Потому что Федя задел за больное, рану перцем посыпал, урод. Рожу бы ему начистить, но тогда придется объясняться. А я не собираюсь распахивать перед ним душу, не стоит он того. Да и никто не стоит.
— Я хочу сказать, — терпеливо продолжает Федя, — что ни одна нормальная девчонка не клюнет на тебя.
— «Нормальная» это как? — встревает Тима.
— Без тонны косметики на лице, умная, преуспевающая в учебе, серьезная девочка.
— Типо этой? — ухмыляюсь я, кивая головой в сторону.
Химичка идет по коридору ровным шагом, расправив плечи и прижимая к груди стопку книг. Юбка-карандаш соблазнительно обтягивает ее бедра, а верхняя пуговка на рубашке расстегнута. Эх, если бы не эти дурацкие книги.
— Козлы! — с чувством выдает Федор. — Это же моя сестра!
Я кошусь на Тиму, ожидая поддержки, но он завис. Видимо, тоже рассматривает пуговки на ее рубашке. Татьяна Викторовна устроилась к нам в школу сразу после окончания универа. Красотка, ничего не скажешь. Да и над Федором поприкалываться всегда весело.
Тима переводит на меня мрачный взгляд.
— Перебарщиваешь, Мат, — серьезно заявляет он.

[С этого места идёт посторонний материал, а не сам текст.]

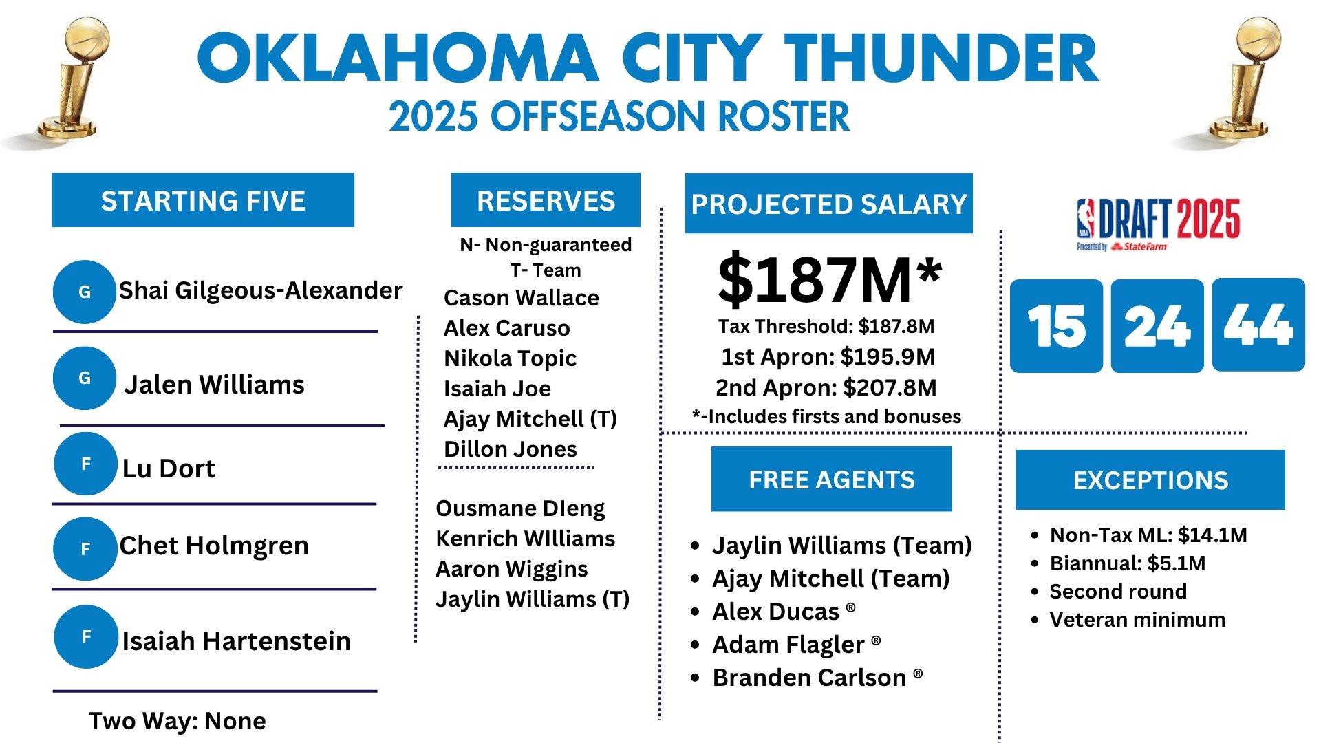 雷霆队作为一支年轻球队,他们的建队核心阵容主要来自于选秀,切特-霍姆格伦、杰伦-威廉姆斯和卡森-华莱士等人都是雷霆管理层通过选秀引援的杰作。据统计,从今年选秀大会直到2030年,雷霆队仍将拥有11个首轮签,可谓是既赢在当下也拥有着未来。此外,正因为拥有着许多拿着新秀合同的球员,雷霆队也成为了历史上第六支不缴纳奢侈税夺冠的球队。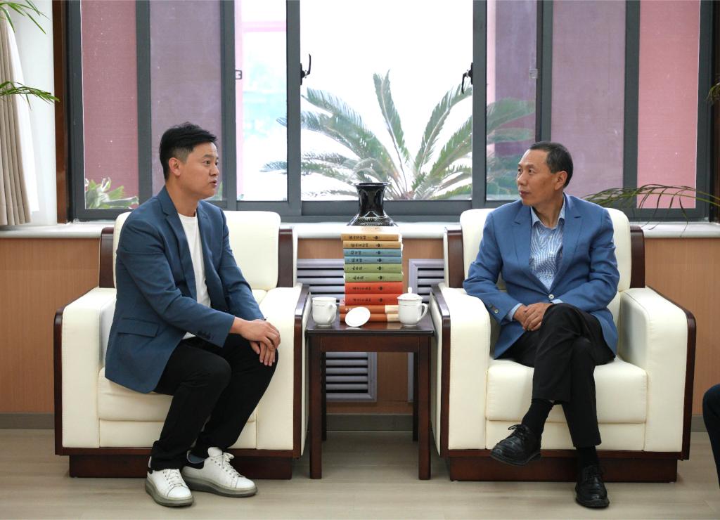 本网讯 10月8日下午,董事长崔海潮会见北京蓝耘科技股份有限公司教育事业部总经理崔阳、业务经理宋俊、西北区域负责人邵飞一行,就产学研用创新项目合作与企业代表进行洽谈交流。数据科学与工程公司教授黄海生参加洽谈会。

— Да ну вас! — отмахиваюсь я.
Федор тем временем хватает меня за локоть, пытается привлечь мое внимание.
— Вот она, — говорит он с усмешкой.
Я поворачиваю голову и морщусь. Этого еще не хватало.
— Плакса? — пренебрежительно спрашиваю. — Ну уж нет!
Тут даже сложно фантазировать. На мой взгляд, какое-то бесполое существо. Вечно в мешковатой одежде, волосы торчат в разные стороны, не слышало оно, что ли, о расческе? Неповоротливый, неряшливый гном. Вот, кто такая Плакса.
Федя качает головой, и я замечаю эту его противную улыбочку, которая возникает на его лице, когда только он знает правильный ответ.
— А ведь Плаксой ее сделал ты, — произносит он почти с упреком.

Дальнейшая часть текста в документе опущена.